DocketNumber: File 58645
Citation Numbers: 8 Conn. Super. Ct. 299, 8 Conn. Supp. 299, 1940 Conn. Super. LEXIS 110
Judges: Cornell
Filed Date: 6/5/1940
Status: Precedential
Modified Date: 10/19/2024
The evidence makes it fully apparent that it has become impracticable to longer carry out the dominant intent of the settlors of the trust by the particular method which is prescribed. This affords occasion for the approximation of the real purpose. Seymour vs. Attorney General,
It appears here, however, as it did in Seymour vs. AttorneyGeneral, supra, that all parties to the cause are in agreement (p. 500). There is thus no one to represent the heirs of the settlors who, if there are any, might wish to be heard to claim that none of the alternatives suggested or any of which the court might think would make possible or practicable the continued effectuation of the settlors' dominant purpose. Following the suggestion made on page 500 of Seymour vs. AttorneyGeneral, supra, the heirs and representatives of the settlors' estate should be made parties to this action. As they have not been, no decision can be rendered at this time, nor until they are brought in.
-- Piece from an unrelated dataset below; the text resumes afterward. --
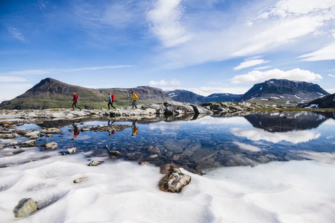 如果你选择最北端的路段(阿比斯库-尼卡卢奥克塔),可以从STF阿比斯库游客中心向南出发。你将经过阿比斯库国家公园,沿途有开阔的平原、大量的湖泊和溪流,以及瑞典最高的几座山峰。即使在温暖的夏季,这些山峰依然白雪皑皑。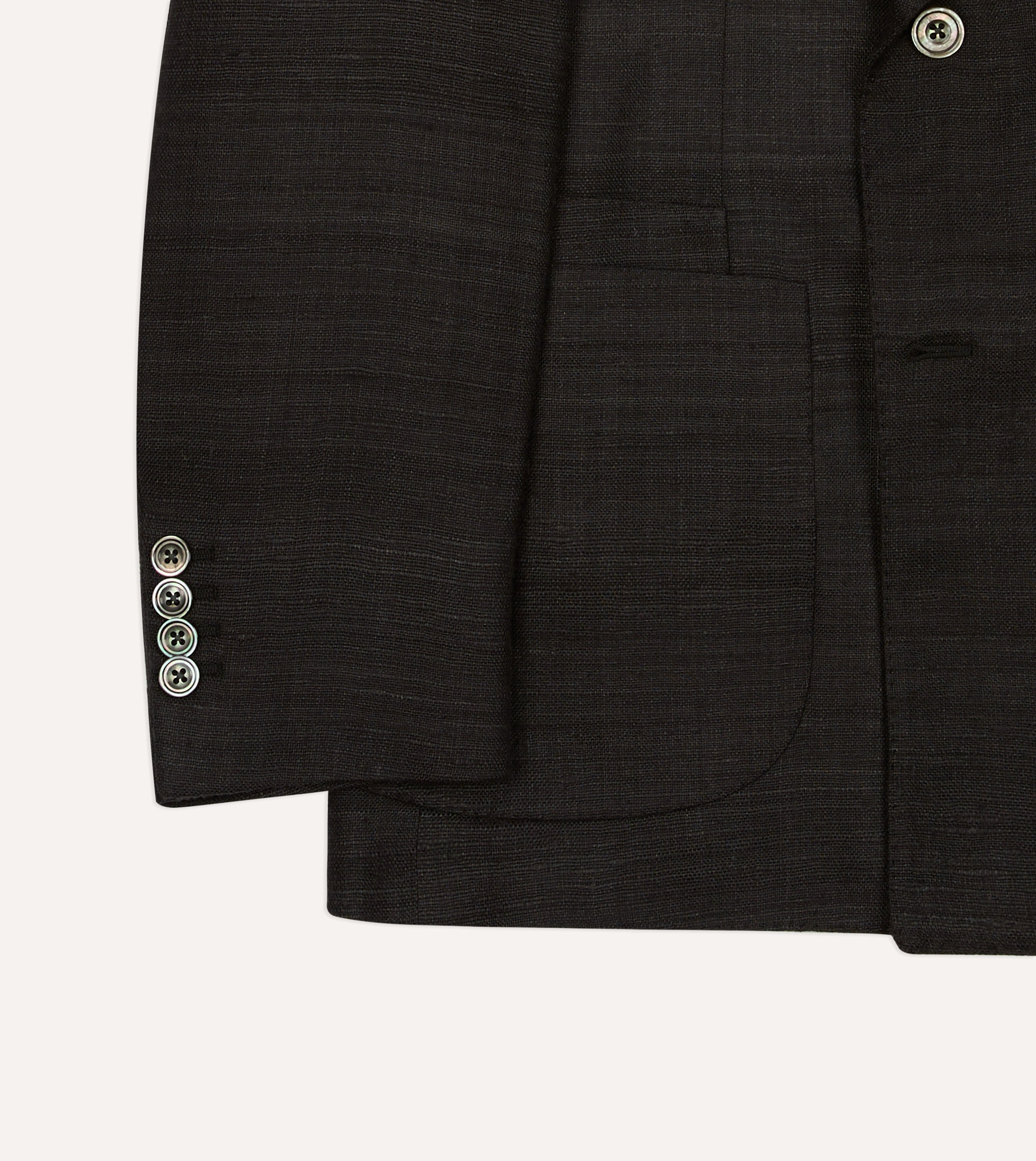 Cut from a 4.5oz tussah silk, the cloth has a distinctive slubbed texture and subtle lustre that sets it apart from the flat uniformity of wool counterparts. The result is a jacket with depth and presence, formal in intent, with a tactile richness and relaxed elegance that makes it suited to evenings where personality counts as much as tradition.

Incidentally, it is noted that the original settlor apparently considered it of some importance that the directors or trustees should be of the Congregational denomination and preferably of the Trinitarian class. In event that it should be found that her dominant purpose would more nearly be approximated by paying for one or more scholarships annually in some institution of higher learning, a closer adherence to such settlor's wishes would be accomplished if the institution in which such scholarship or scholarships were to be afforded were one or more where the governing body embraces the particular faith mentioned by the testatrix and where the Bible "should always be used .... as the foundation of all education for usefulness or happiness." There is no evidence bearing on this phase of the matter, but the court should be informed in these respects.